**Your instructions**
The records that follow are to be copied word for word. Pictures should be omitted.

Stored data:
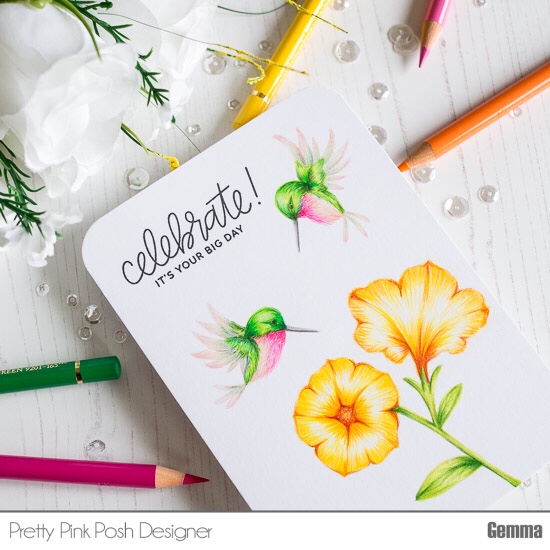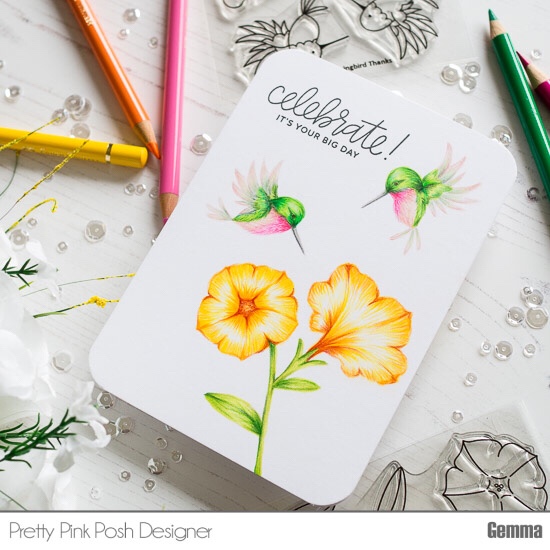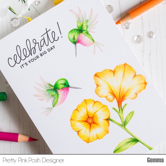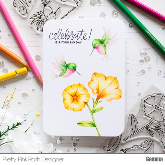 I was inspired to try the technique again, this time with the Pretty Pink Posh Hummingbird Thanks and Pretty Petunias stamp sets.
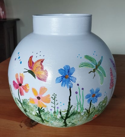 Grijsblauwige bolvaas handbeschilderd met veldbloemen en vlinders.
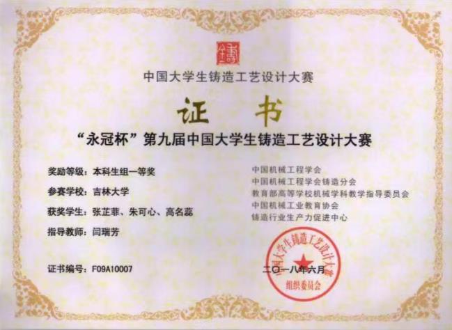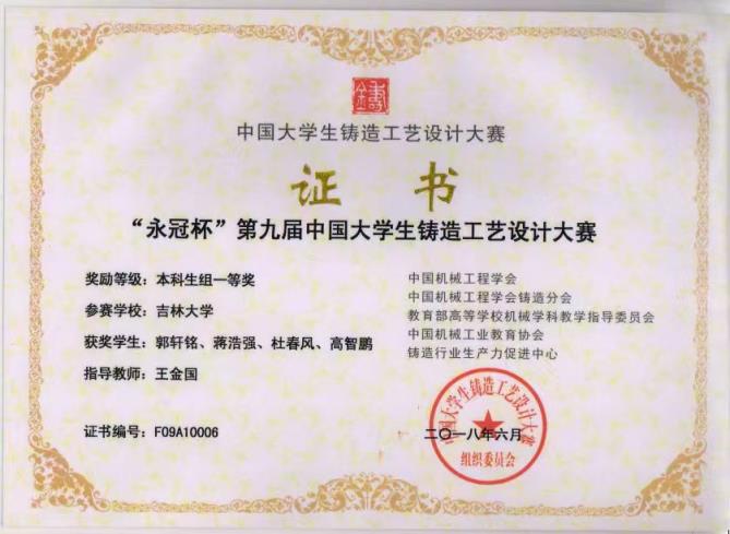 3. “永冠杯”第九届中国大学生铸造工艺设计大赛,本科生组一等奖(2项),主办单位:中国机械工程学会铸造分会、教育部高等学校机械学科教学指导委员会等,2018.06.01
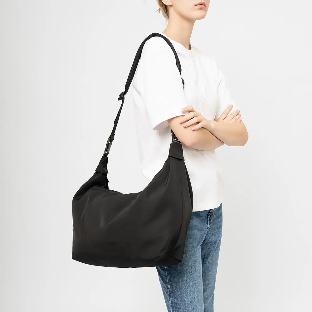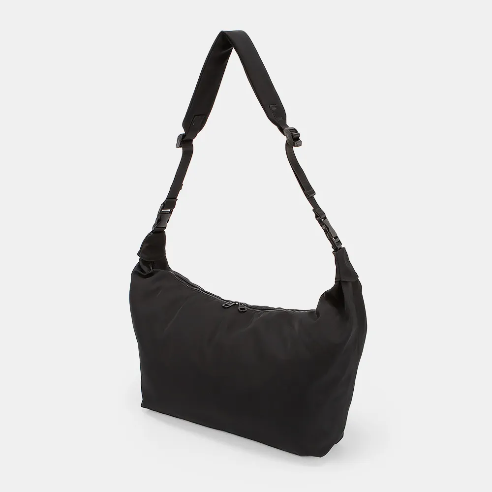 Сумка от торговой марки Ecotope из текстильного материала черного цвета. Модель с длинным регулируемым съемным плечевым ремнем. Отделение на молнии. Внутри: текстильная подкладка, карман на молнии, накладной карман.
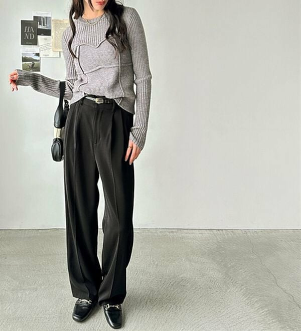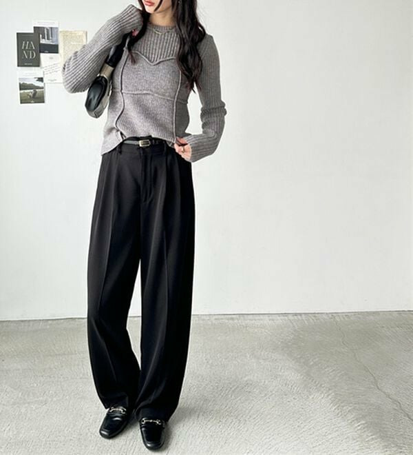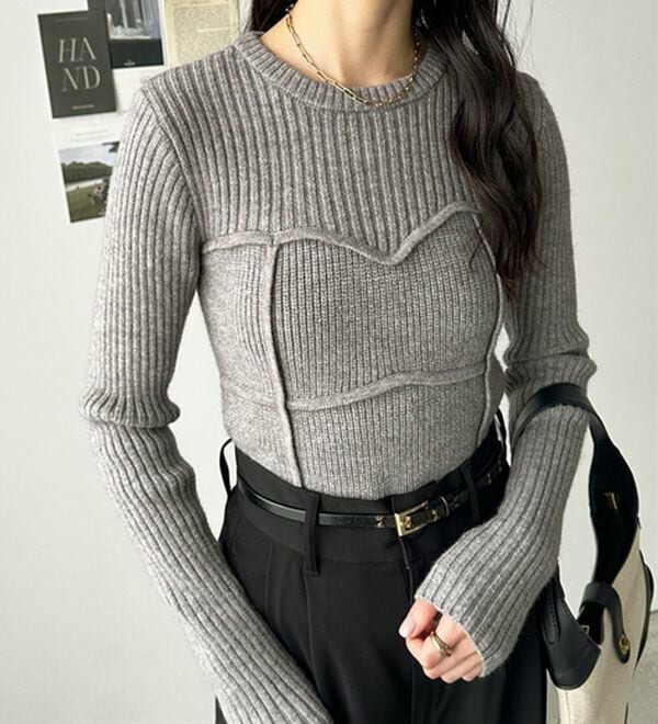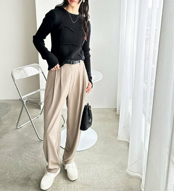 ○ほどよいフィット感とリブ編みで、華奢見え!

**Task response**
 I was inspired to try the technique again, this time with the Pretty Pink Posh Hummingbird Thanks and Pretty Petunias stamp sets.
 Grijsblauwige bolvaas handbeschilderd met veldbloemen en vlinders.
 3. “永冠杯”第九届中国大学生铸造工艺设计大赛,本科生组一等奖(2项),主办单位:中国机械工程学会铸造分会、教育部高等学校机械学科教学指导委员会等,2018.06.01
 Сумка от торговой марки Ecotope из текстильного материала черного цвета. Модель с длинным регулируемым съемным плечевым ремнем. Отделение на молнии. Внутри: текстильная подкладка, карман на молнии, накладной карман.
 ○ほどよいフィット感とリブ編みで、華奢見え!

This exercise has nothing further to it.